We are maintaining our Neutral recommendation on Washington Federal Inc. (WAFD) as we believe that the risk-reward profile for the company is currently balanced. Our decision is based on the company’s better-than-expected second quarter 2012 results. However, we remain wary of its considerable exposure to perilous real estate markets.
Washington Federal reported fiscal third quarter (ended June 30) earnings of 33 cents per share, beating the Zacks Consensus Estimate. Higher net unrealized gains along with persistently declining credit costs contributed to the improved results. However, higher operating expenses and a reduction in net interest income were the headwinds. On the whole, continuous enhancement in asset quality and improved capital ratios were impressive.
As Washington Federal primarily generates revenue from public deposits, which it then disburses in the form of loans of various types, growth of loans and deposits, indicate a strong business trend. Though loans and deposits have been down in the recent quarters, primarily due to the prepayment of high-cost borrowings and sluggish demand, Washington Federal has had a long-term upward trend in terms of loan and deposit growth. The company generated net loans of $7.9 billion at the end of fiscal year 2011 (up from $6.0 billion in 2006), representing 59.0% of its total assets.
Further, Washington Federal's credit quality continues to improve with the contraction of nonperforming assets and net charge-offs and falling credit costs. In addition, in response to stabilizing credit conditions, the company has been reducing its provision for loan losses in recent quarters. We anticipate the credit quality to continue improving in the subsequent quarters with the gradual recovery of the housing sector.
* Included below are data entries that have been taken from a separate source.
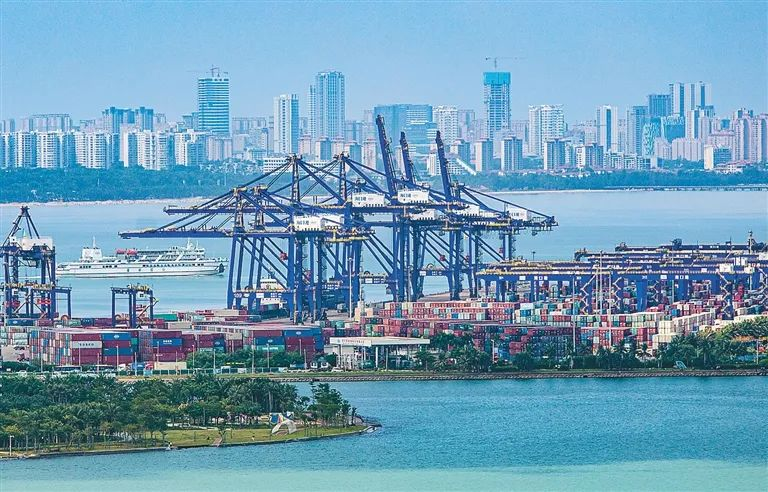 远眺繁忙的海口港集装箱码头。海南日报见习记者 王程龙 摄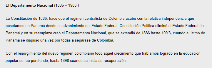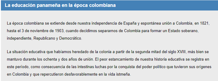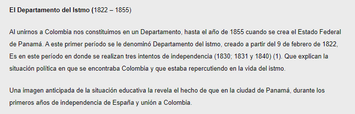 Este Cmap, tiene información relacionada con: Antecedentes de la Educación en Panamá, Periódo de Unión a Colombia (1821-1903) Se crea la Escuelas para la formación de maestros, Periódo de Unión a Colombia (1821-1903) El Estado Deferal de Panamá es transformado a El Departamento Nacional (1885-1903), El Departamento del Istmo (1821-1855) Se ve favorecida La Educación de la Mujer, Antecedentes De La Educación en Panamá (1519-1903) Se segmentan en Periódos históricos de la educación en Panamá, Periódo de Unión a Colombia (1821-1903) Se sentaron las bases de una reforma en la enseñanza en El Estado Federal de Panamá (1855-1885), Periódo de Unión a Colombia (1821-1903) Se establece El Departamento del Istmo (1821-1855), Periódos históricos de la educación en Panamá como El Periódo de Unión a Colombia (1821-1903), Periódo Colonial Español (1519-1821) Se funda La Universidad Javeriana (1749-1767), Periódos históricos de la educación en Panamá como El Periódo Colonial Español (1519-1821)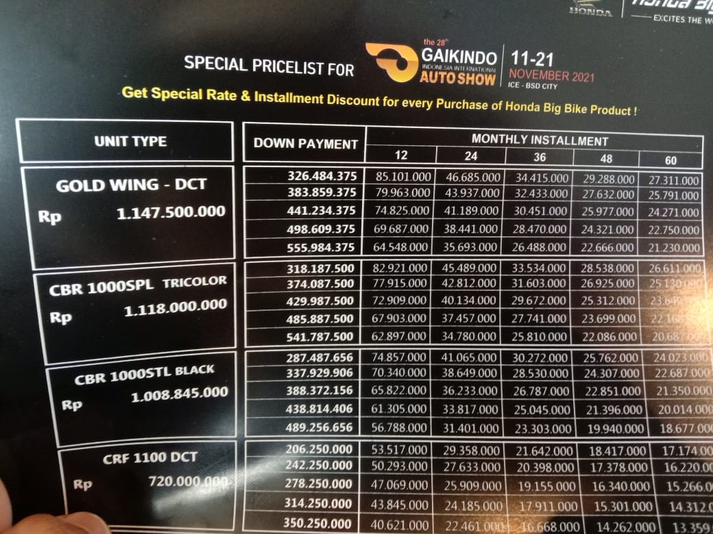 Untuk memiliki Goldwing tersebut, Honda menawarkan skema harga kredit. Namun besaran uang muka atau DP paling murah moge tersebut bikin melonggo karena dipatok harga Rp326 jutaan.

Washington Federal remains an attractive pick for yield-seeking investors due to its extensive capital deployment activities. In December 2011, Washington Federal increased its quarterly cash dividend by 33% to 8 cents and has maintained the same level since. Also, the company continues to buy back shares.
In June 2011, Washington Federal announced an authorization to repurchase 10 million shares. This is an extension of its previous authorization of about 22 million shares, which was announced in 1995 with no expiration date.
We believe that such efforts will help the company to gain substantial market share and enhance its profitability in the long run. Yet, upward revisions in interest rates will ruin its efforts to strengthen net interest margin through deposit re-pricing.
In addition, Washington Federal’s loan portfolio comprises high quality single-family residential loans, which has a huge percentage of non-acquired and non-accrual loans. Further, it is exposed to land acquisition & development and speculative construction loan portfolios, which remain extremely risky.
Over the last two years, the bulk of nonperforming loans and charge-offs had risen from these portfolios. Though it has been reducing its exposure to them, we do not anticipate the company to shed the burden completely anytime soon.
Moreover, Washington Federal seeks to moderate the risks inherent in its loan portfolio by sticking to specific underwriting practices. Even if the company’s underwriting criteria are satisfactory for the various kinds of loans it offers, like other companies, it may incur losses on loans that meet its underwriting criteria. Under current economic conditions, the company’s allowance for loan losses may not be adequate to cover actual losses as it is based on the company’s historical loss experience.
Shares of Washington Federal currently retain a Zacks #3 Rank, which translates into a short-term Hold rating. One of its peers Sterling Financial Corp. (STSA) retains a Zacks #1 Rank, which translates into a short-term Strong Buy rating.